In this week's opinion section, King's Fund chief executive Professor Chris Ham lays out a bold future for general practice. Practices should, he says, federate together to create modern, multi-purpose hubs, kitted out with the latest diagnostic equipment and designed to be the focal points for a new NHS drive on integrated care.

It sounds great, and Pulse has for some time been an advocate of the potential benefits of loosely federating, provided of course it is a purely voluntary process. But there is a problem or, as the GPC puts it this week, an ‘elephant in the room'. There is a huge gap between the grand rhetoric of policy makers, who dream of GP practices taking on swathes of work from hospitals and evolving into high-tech community providers, and the reality at surgery buildings across the country. Many GPs continue to work out of ageing and under-funded premises, which are unsuitable even for their existing work, let alone the flights of fantasy of the future gazers.

GP premises have, of course, been a longstanding problem. A Pulse investigation in 2010 found as many as one surgery in seven was judged ‘below minimum standard' – almost exactly the same as in a previous survey in 2006, and providing precious little evidence the previous government's much-vaunted upgrade programme had delivered any results. In parts of London, a third of surgeries were rated ‘dangerously below standard'.

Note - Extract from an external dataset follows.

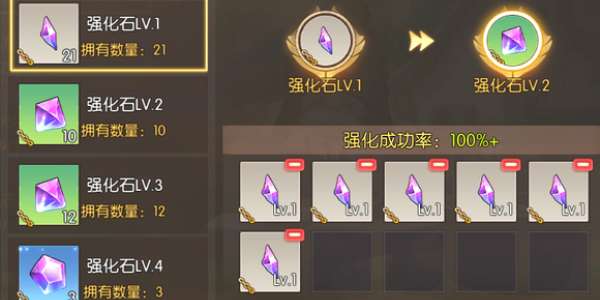 使用6个一级强化石加上一个本体强化石,可以直接跳过中间等级,直接合成高级强化石。例如,1级石头+6个1级石头直接合成3级石头。

But while the problem is not new, a combination of circumstances is making it more pressing than ever that a solution is found. As of last week, the health bill finally completed its tortuous path through Parliament, and enshrined a new position for GPs in the NHS. GP practices will now be component parts of statutory commissioning organisations, and are being lined up for a raft of new provider opportunities. It will not be appropriate in that new world for some GPs to be working from two-up, two-downs with no disabled access. From autumn, practices will start on the exhausting road to registration with the Care Quality Commission, complete with its separate, specific requirements for GP premises. And yet just at the moment when the case for investment in GP premises is at its strongest, the existing system for funding appears at the point of collapse. A 2010 Pulse investigation found LIFT funding had dramatically slumped since 2004.

The GPC is right, then, to identify GP premises as towards the top of its list of key priorities. It is currently in negotiations with ministers over a new system of premises funding, as the DH redrafts the GMS Premises Costs Directions ahead of next April. Ministers may well push for GPs to provide much of the cash for premises upgrades themselves, but GP negotiators must make clear how unrealistic that is in these times of such sustained pressure on practices. The Government must be persuaded it needs to invest in GP premises for the benefit of the NHS – to allow general practice to build itself that bold future.